Nicht nur die Recherche zeigt, dass die patriarchalen Gewalttaten rund um den Fall Pelicot keine Einzelfälle waren. Erst vor wenigen Tagen zeigten Ermittlungen aus Schweden, dass ein Mann über einen Zeitraum von dreieinhalb Jahren seine Frau zum Sex mit über 100 anderen Tätern gezwungen haben soll.

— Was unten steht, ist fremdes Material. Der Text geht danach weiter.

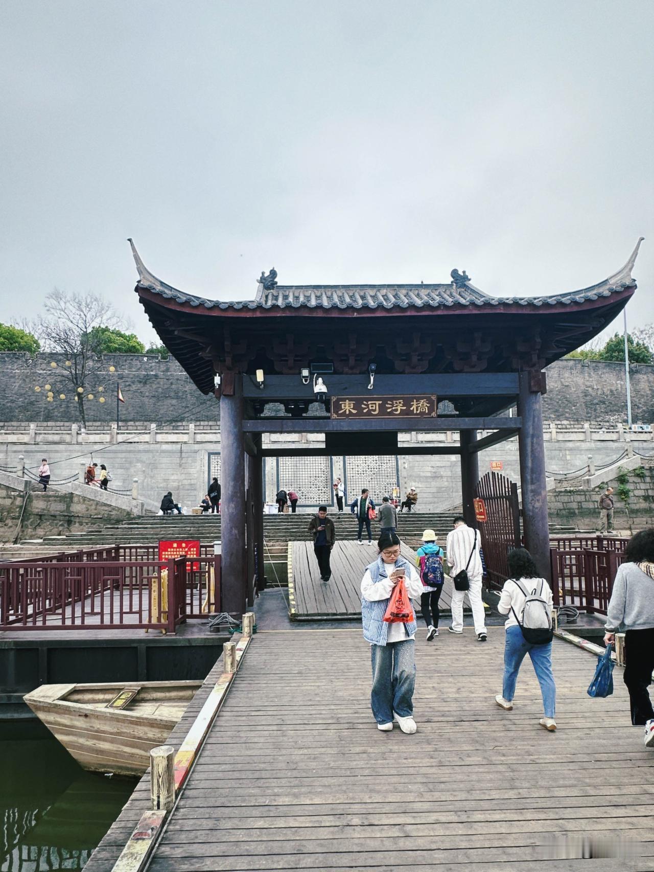 就在建春门外,是唯一原貌保存、至今仍在使用的宋代古浮桥,全长约400米,是由33组、116艘木船连接而成的,被誉为“活着的宋城文物”,桥上有传统鱼市,河边还有人在垂钓、洗衣,老城的生活气息扑面而来。

Auch der Schwede bot dabei den Körper seiner Frau über eine Website an, was scheinbar auf großes Interesse stieß. Und auch die betroffene Frau hat in Bezug auf die Gewalttaten Erinnerungslücken, da sie immer wieder unter dem Einfluss von Drogen stand.

Frauen leisten Widerstand gegen Gewalt und Unterdrückung

Bis zuletzt stieg die Zahl von registrierten Fällen von Gewalt an Frauen in Deutschland an. Eine kürzlich erschienene Studie beleuchtet außerdem Teile des massiven Dunkelfelds im Bereich der patriarchalen Gewalt: So werden geschätzt über 90 Prozent der häuslichen und sexualisierten Gewalttaten weder staatlich erfasst noch juristisch verfolgt.

Gewalt in Deutschland: Studie beleuchtet das riesige Dunkelfeld

International ist aber auch zu beobachten, dass sich in den vergangenen Jahren immer mehr Frauen gegen die gewaltsamen Auswirkungen von Kapitalismus und Patriarchat zur Wehr setzen. Sei es in den verschiedenen Bewegungen unter Mottos wie #MeToo und „Ni una menos“ („Keine mehr“) oder zu dem alljährlichen Tag gegen Gewalt an Frauen am 25. November.

Im Zuge dessen ist besonders Gisèle Pelicot zu einer Art Vorbild im Kampf gegen sexualisierte Gewalt an Frauen geworden. Sie entschied sich – ungewöhnlicherweise – bewusst dazu, den Prozess gegen die Gewalttäter öffentlich zu führen. Das vor allem mit dem Ziel, sich selbst als Betroffene aus der zugewiesenen „Opferrolle“ zu lösen. „Die Scham muss die Seite wechseln“, so Pelicot.